The Choptank, James, Nanticoke, Patapsco, Patuxent, Potomac, Rappahannock, Susquehanna and York rivers are just a few of the many rivers that flow into the Chesapeake Bay. These rivers are fed by hundreds of thousands of streams and creeks that flow throughout the Chesapeake Bay watershed.
Altogether, more than 100,000 streams, creeks and rivers thread through the Chesapeake Bay watershed.
Fresh water enters the Chesapeake Bay primarily from its rivers and streams. Fresh water also enters via rain, snow and groundwater.
An estuary is a partially enclosed body of water where fresh water from streams and rivers mixes with salt water from the ocean. Some river mouths are estuaries. For example, the tidal portion of the Hudson River in New York is an estuary.
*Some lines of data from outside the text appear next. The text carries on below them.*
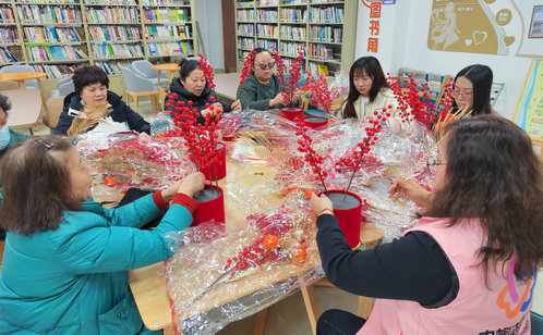 新蘇社區的活動室內,社區婦聯邀請女性同胞們齊聚一堂,將銀柳、冬青與仿真花材精心搭配,插入福桶,再點綴寓意美好的小掛件,一盆盆錯落有致的年宵花漸次成型。親子手作區里,家長與孩子在“紅色管家”志愿者的指導下,共同制作“元宵葫蘆香囊”,穿針引線、填充香料,一個個小巧精致、寓意“福祿雙全”的香囊在協作中成型。活動尾聲,新蘇社區的全體家庭手持作品,在鏡頭前定格下溫馨的全家福;夏家橋社區的元宵主題打卡墻上,一張張笑臉在鏡頭前綻放。鄰里情、親子情交織融合,為這場相聚畫上圓滿句號。
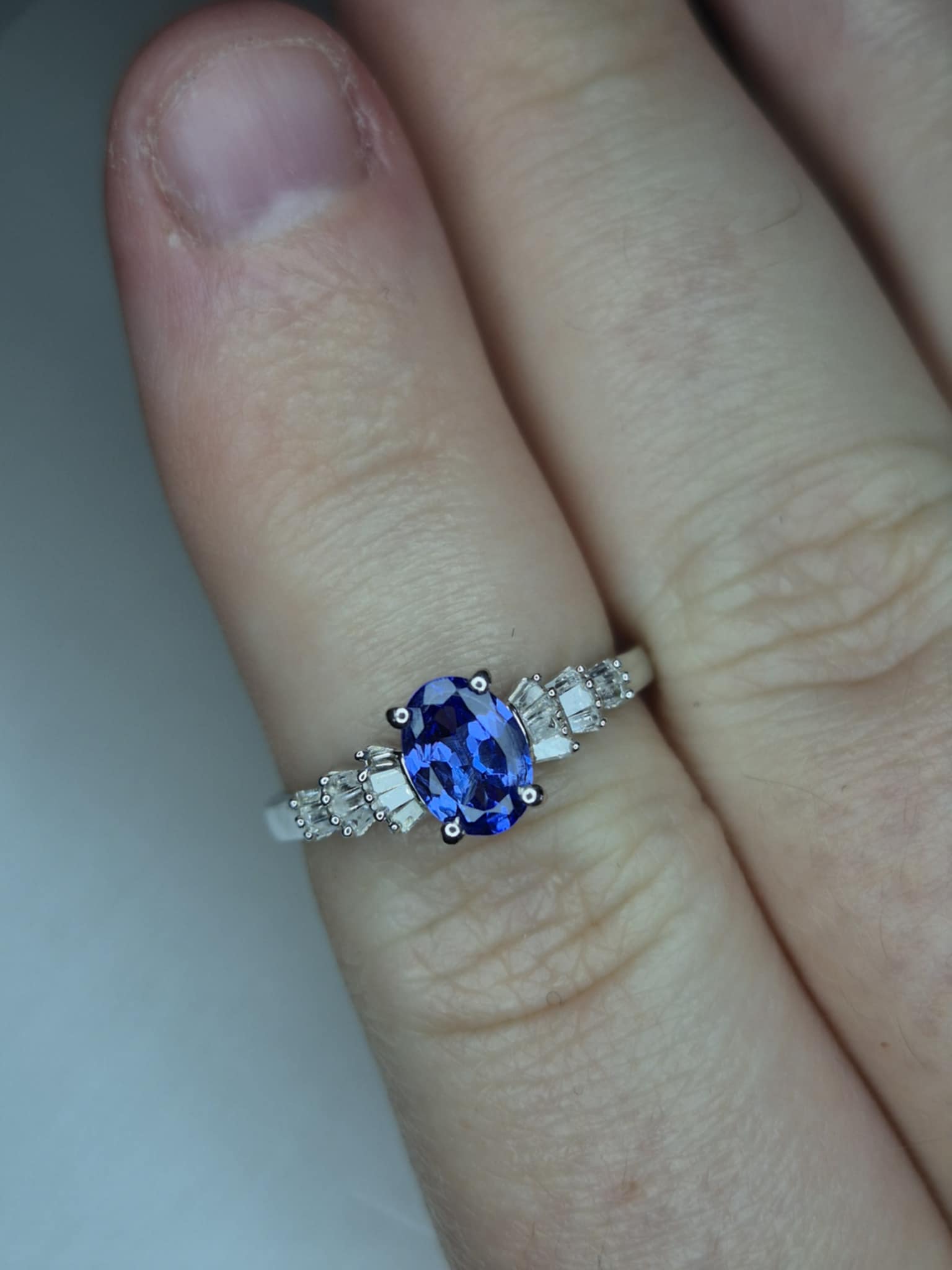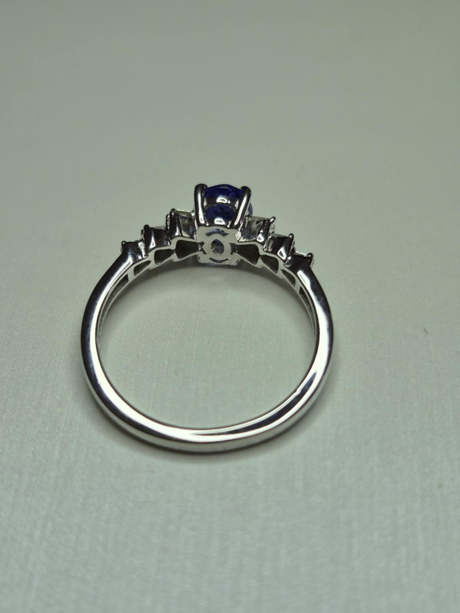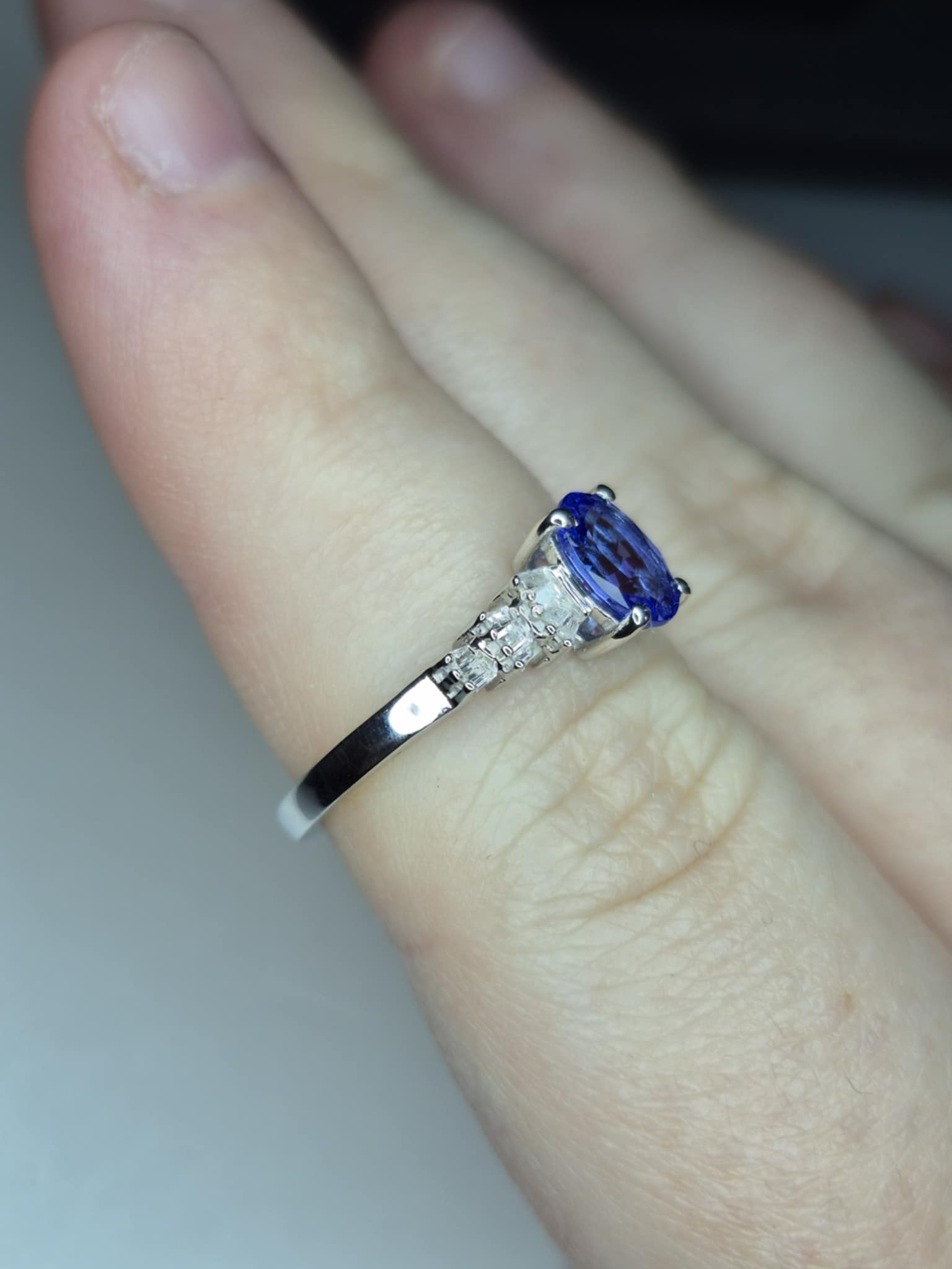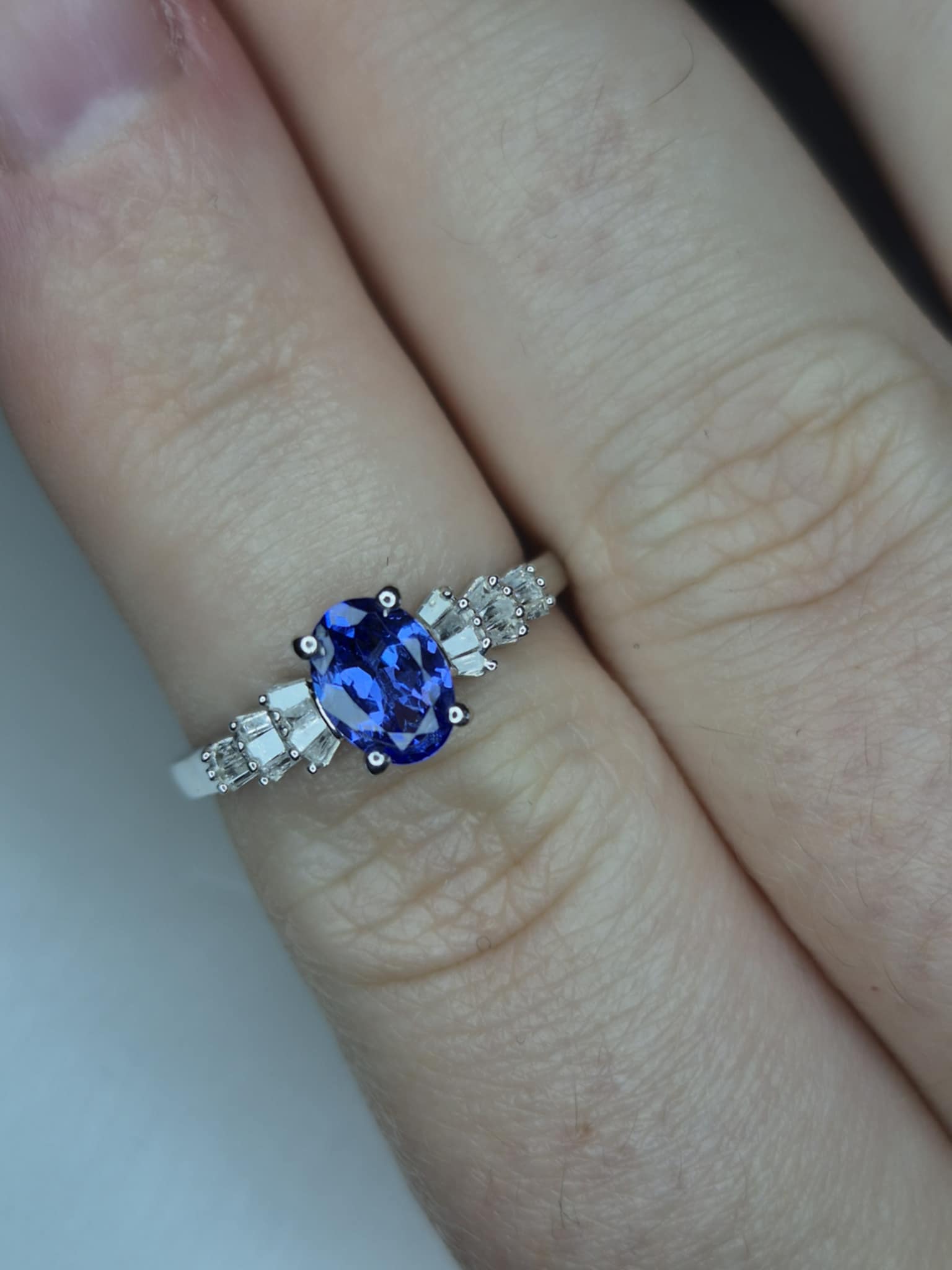 Tanzanite & White Diamond Ballerina Ring Rhodium Overlay 925 Sterling Silver
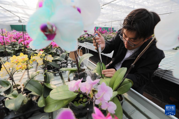 1月21日,在蝴蝶兰种植基地内,基地负责人在管护蝴蝶兰种苗。
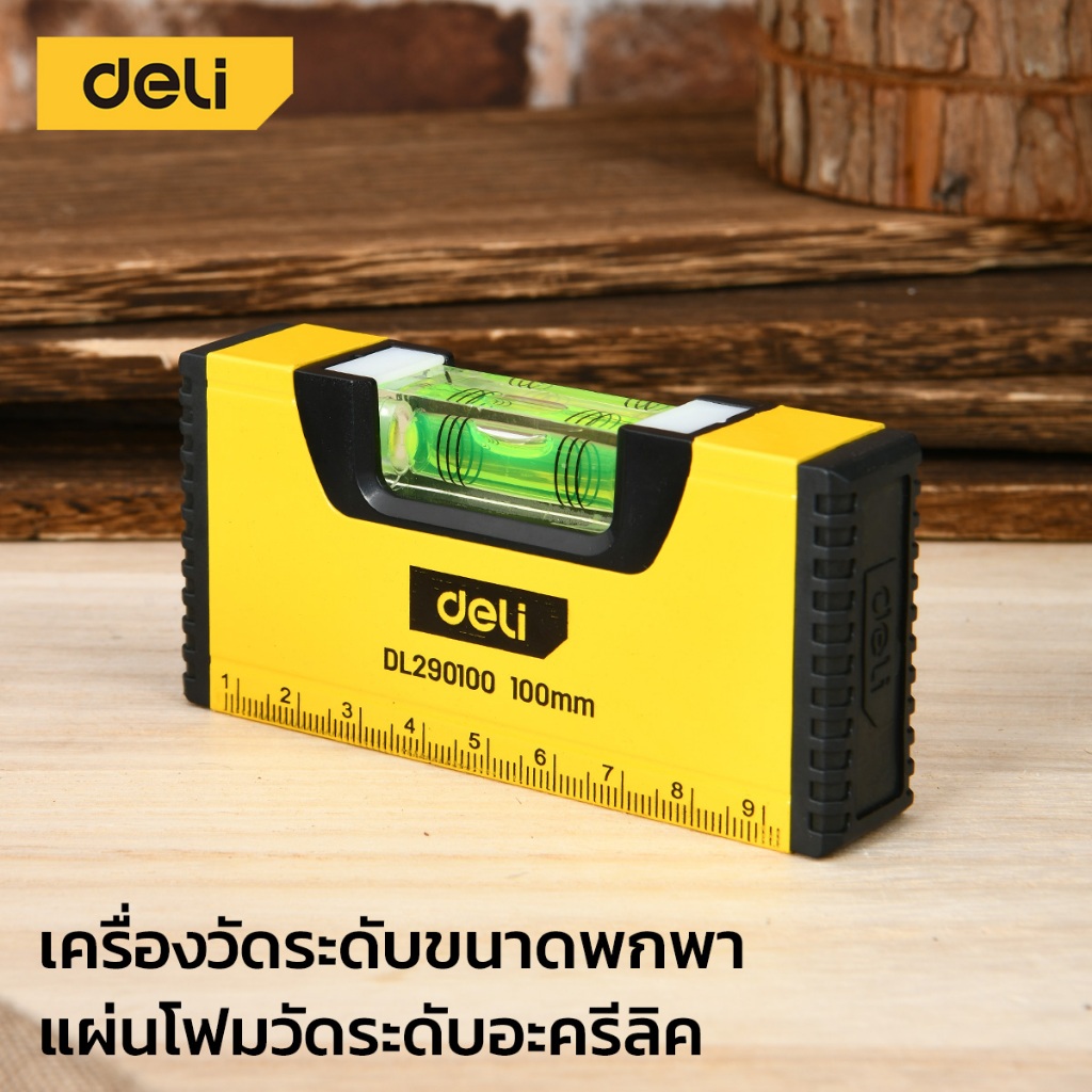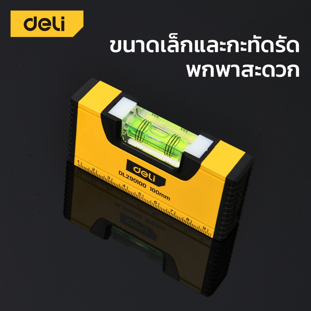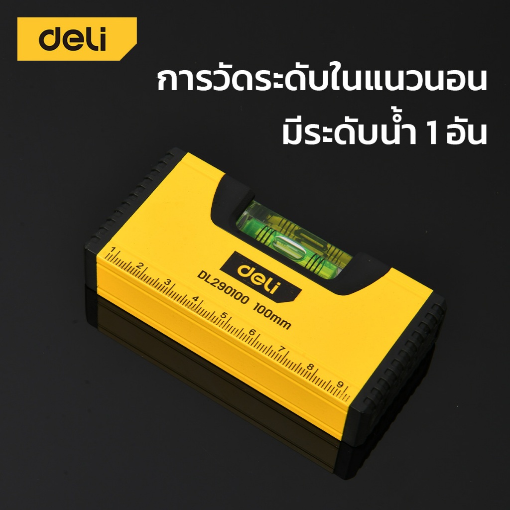 Deli ที่วัดระดับน้ำ ระดับน้ำแม่เหล็ก ฉากวัดระดับน้ำ แม่เหล็ก อลูมิเนียม 100มม Spirit Levels
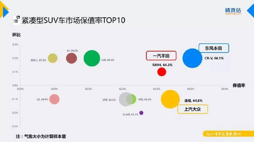 紧凑型SUV TOP榜单中,保值率排名也还算稳定,CR-V保值率依旧稳居保值率第一,老大位置无人撼动。途观、RAV4保值率继续分列二、三位。唯一的豪华品牌宝马旗下的X1来到第八位。CR-V基本上是出一辆卖一辆的节奏。

Fish passageways allow shad and other anadromous fish to pass over dams and reach their upstream spawning grounds. There are five major fish passageway designs used in the Chesapeake Bay watershed: denil, steeppass, vertical slot, pool and weir, and fish lifts.
Dams block shad and other anadromous fish from reaching their upstream spawning grounds. Historically, most shad and river herring spawned in freshwater areas that are now upstream of dams, road culverts and other blockages.
Fish passage is the ability of fish to migrate up rivers, streams and other waterways, often to access spawning or rearing areas. Barriers to fish passage (which can include road culverts, dams, dikes and other obstructions) can reduce the distribution and habitat available to anadromous fish and, in some cases, eliminate fish populations altogether.